“It’s clear to nearly all that Bush and his team have had a totally unrealistic view of what they can accomplish with military force and threats of force,” he said.By the way, the think tank AFP casually refused to mention was the Center for American Progress, run by former Clinton official John Podesta and featuring Tom Daschle as a contributor.
The participants were not identified, but several officials interviewed for the story provided some insight.
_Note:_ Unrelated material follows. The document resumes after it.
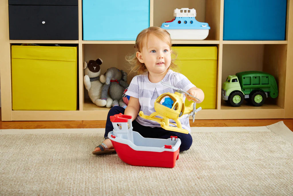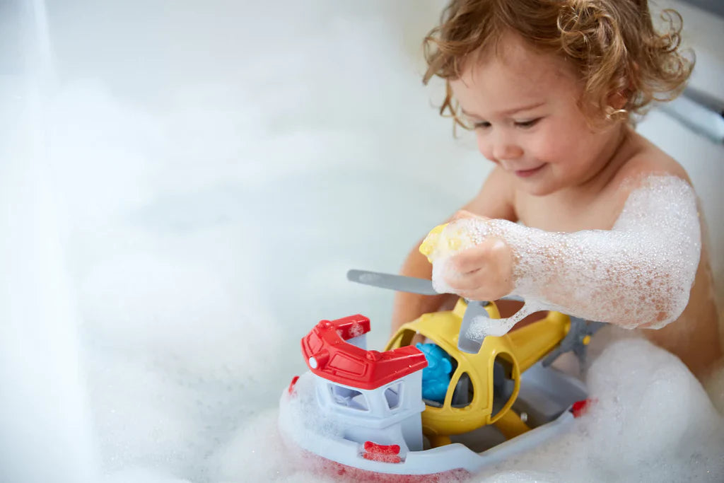 No water rescue is out of reach when the Green Toys™ Rescue Boat and Helicopter get the call! This two-in-one toy is just as fun on land as it is in the water, with a bright yellow life-size helicopter nestled on the back deck of the red and white lifeboat. The set also includes two characters – a Captain Duck and a Pilot Bear – ready to go wherever your child's imagination takes them. Specially designed to float in water and open for the dishwasher, this vessel is a perfect addition to any bathtub fleet.

One of most outspoken is former CIA analyst Michael Scheuer, who was infamously blessed by CIA brass to write a book critical of the Bush adminstration shortly before the 2004 election:
“We’re clearly losing. Today, Bin Laden, Al Qaeda and their allies have only one indispensable ally: the US’ foreign policy towards the Islamic world.”Scheuer was the founder of the original Rendition Program in the mid 90s. That same program is now the scourge of the modern liberal despite the fact it's original intention was to take terrorists and fly them on CIA airlines to other countries allowing torture. Strangely, there were no loud outcries back in the 90s, as folks seemed more concerned with things like this. Even at this late date the hypocrisy is still breathtaking.
Scheuer keeps resurfacing, just like a bad penny. He was quoted again Tuesday discussing yet another leak-based New York Times story about how General Hayden has closed the CIA's famed bin Laden unit, ironically named after Scheuer's son.
"This will clearly denigrate our operations against Al Qaeda,"I wonder how he can possibly know, being retired and all. But Mr. Scheuer seems to have a lot of post-retirement knowledge, such as how our invasion of Iraq was the worst move ever made:
"The cumulative impact of several events in the past two years has gone a good way towards increasing Muslim hatred for Americans, simply because they are Americans,” he said, citing Abu Ghraib, Guantanamo and the East-West row over cartoons depicting the Prophet Mohammed".It's one thing to say the Iraq war has enflamed people prone to flammability, but for him to include the Mohammed cartoons in his pushback smacks of utter cluelessness. The cartoons had nothing to do with America and incidentally, Bush himself condemned them, which many on the right renounced.
But speaking of enflaming "the street", surely he hasn't forgotten how high the temperature rose after Clinton bombed Baghdad, Sudan and Afghanistan in 1998. Those events triggered bin Laden's proclamation to "kill Americans, wherever you find them" which was followed by the Cole bombing, while back home Mohammed Atta was setting up shop in Florida.
It's hard to imagine the hate getting much worse than it was in late 2000. Or for that matter, 1993 when the Brooklyn Cell was at work trying to bring down the WTC and blow the bridges and tunnels. It's just as hard to imagine going back to the failed policies that allowed those attacks to occur.